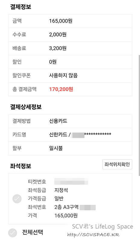 그리고 다시 7초 이내로 좌석선택 페이지로 진입했고, 그 시점에서 이미 처음 진입한 왼쪽에서 B구역은 자리가 없어서 A구역 뒷줄 쪽의 남은자리 하나 겨우 찍어서 넘어갔구요.
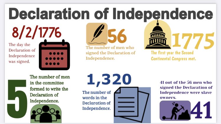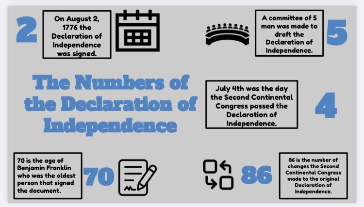 This year I wanted to focus on providing one source for students to create infographics. For the Declaration of Independence, I couldn’t find a source, so I typed this one. For the American Revolutionary War battles, I used this great source from American Battlefield Trust. Using these sources made the reading and number finding more structured.
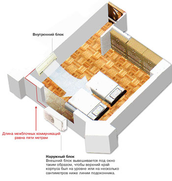 Монтаж наружного блока также должен осуществляться с учетом определенных требований: - укрепляя наружную часть устройства, следует подумать о ее защищенности — чтобы на внешний блок не могло ничего упасть сверху. Лучшим предохраняющим средством в этом случае зачастую служат балконы. Однако если балкона нет, необходимо соорудить для устройства нечто наподобие козырька. В случае установки наружного блока на горизонтальной поверхности, например на крыше, желательно позаботиться о том, чтобы его зимой не задувало снегом;
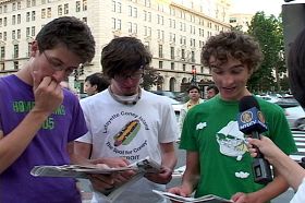 justice” et “Falun Dafa est bon”. Plusieurs pratiquants ont distribué du
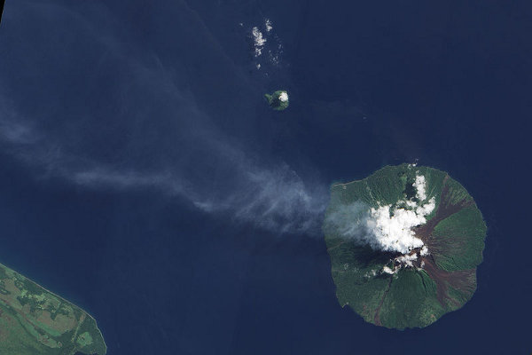 The 10-km-wide island of Manam lies 13 km off the northern coast of mainland Papua New Guinea and is one of the country’s most active volcanoes.
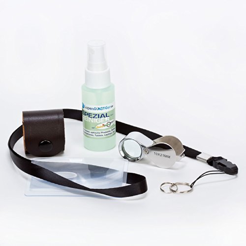 Goldiflora Optics MG 55367 - Lente d'ingrandimento con custodia in pelle per lente, 10x di ingrandimento, diametro lente: 21mm, inclusiva di batterie, panno in microfibra, flacone di detergente specifico, custodia protettiva adatta anche ad altre lenti e occhiali
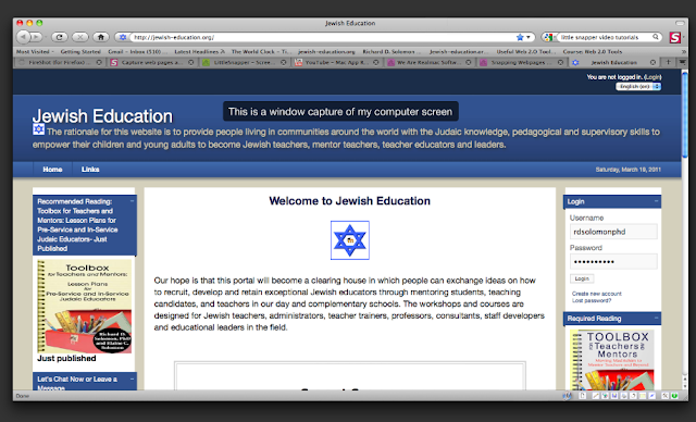 Below you will find three examples of how I used Little Snapper for Judaic instruction and the training and mentoring or pre-service and in-service Judaic educators. These pictures relate to our course website, http://jewish-education.org/
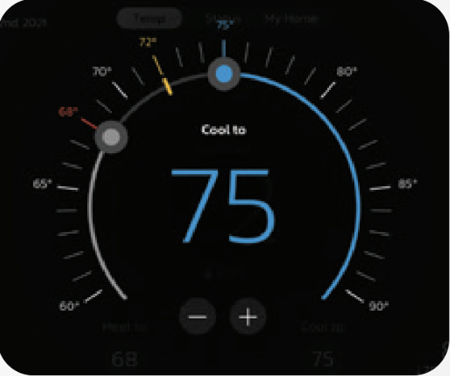Tap either of the "Heat To" or "Cool To" icons where a detailed horseshoe dial will allow you to select the perfect heating or cooling temperature setpoint.
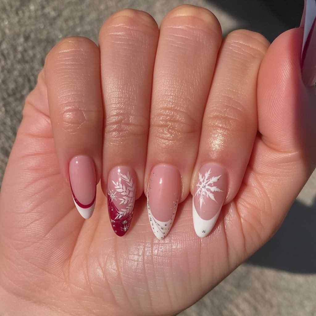 This manicure is perfect for almond nails as the shape elongates French tips with clean, delicate snowflake detailing. It is subtle enough for daily wear yet special enough for holiday parties. For those who love minimalist designs with a seasonal touch, this one nails it.
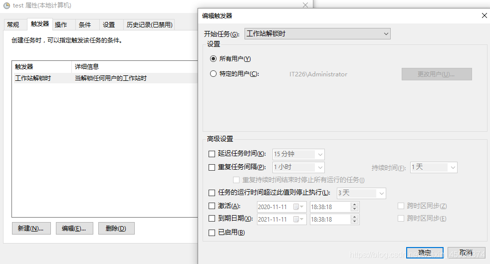 创建任务,选择只在用户登录时运行,选择触发器,新建触发器,根据自己需求进行维护(记得勾选已启用哦,我自己的禁用了任务)
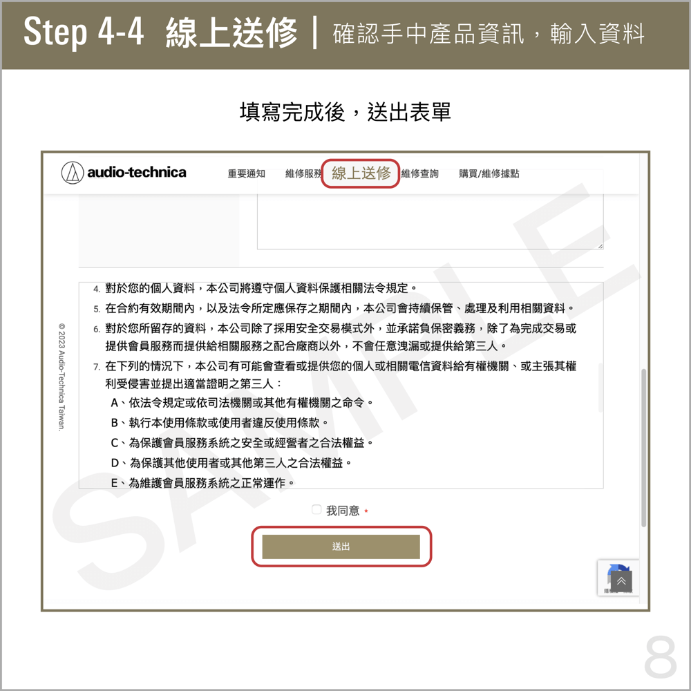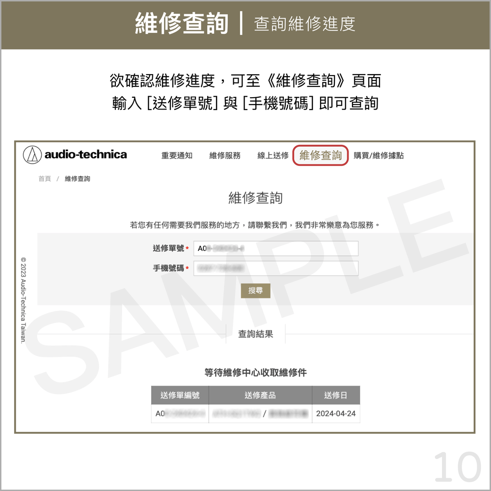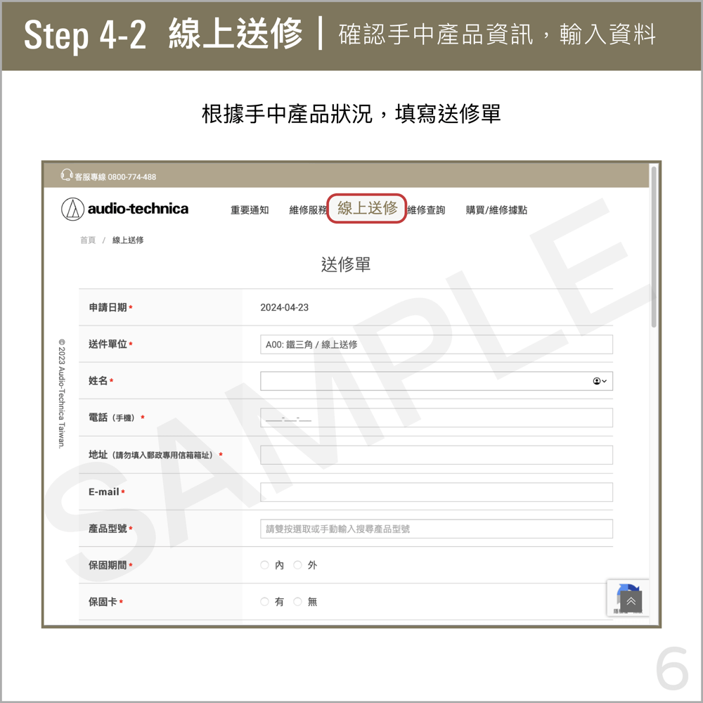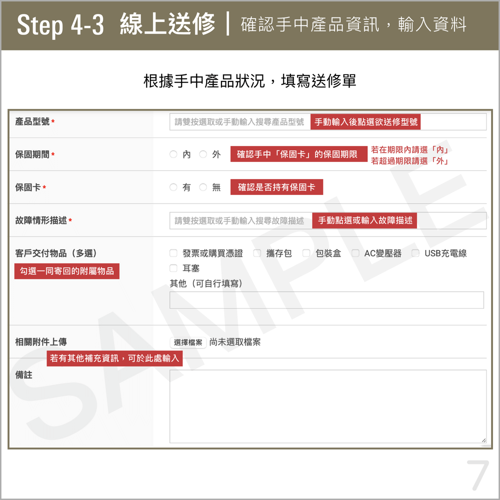 ※如無法列印送修單,請在寄送包裹內提供您所取得的「送修單編號」。
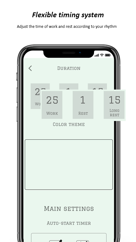 The application uses the tomato method - 25 minutes of work and 5 minutes of rest. With this technique, you will improve the efficiency of the workflow
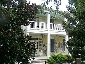 The three-bay south façade has a double gallery, which is not original to the house. The gallery was altered or expanded three times during the twentieth century.[27] In the current configuration, the galleries are accessible from the interior of both stories via doors on the western ends of the south facade. The first-story door, with an architrave featuring colored glass, pilasters, sidelights, and a transom, serves as the house's primary entrance. The lintels of the windows on the south facade have stucco scored to simulate heavy keystones. The sills, original to the house, are made of white Vermont marble.[28]
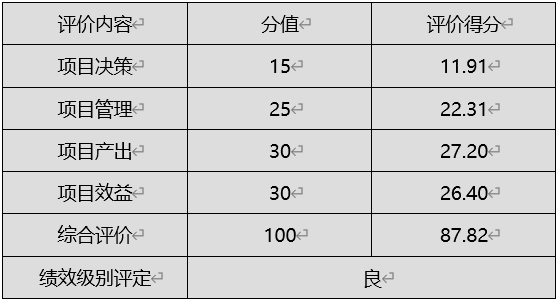 經評價,該項目綜合評價得分87.82分,績效級別評定為"良"。

┄┄┄┄┄┄┄┄┄┄

=== Exercise requirements ===
Word for word, repeat the lines above from the one with "Монтаж наружного блока" through the one with "The 10-km-wide island", and nothing beyond them. Omit the pictures.

=== Your response ===
 Монтаж наружного блока также должен осуществляться с учетом определенных требований: - укрепляя наружную часть устройства, следует подумать о ее защищенности — чтобы на внешний блок не могло ничего упасть сверху. Лучшим предохраняющим средством в этом случае зачастую служат балконы. Однако если балкона нет, необходимо соорудить для устройства нечто наподобие козырька. В случае установки наружного блока на горизонтальной поверхности, например на крыше, желательно позаботиться о том, чтобы его зимой не задувало снегом;
 justice” et “Falun Dafa est bon”. Plusieurs pratiquants ont distribué du
 The 10-km-wide island of Manam lies 13 km off the northern coast of mainland Papua New Guinea and is one of the country’s most active volcanoes.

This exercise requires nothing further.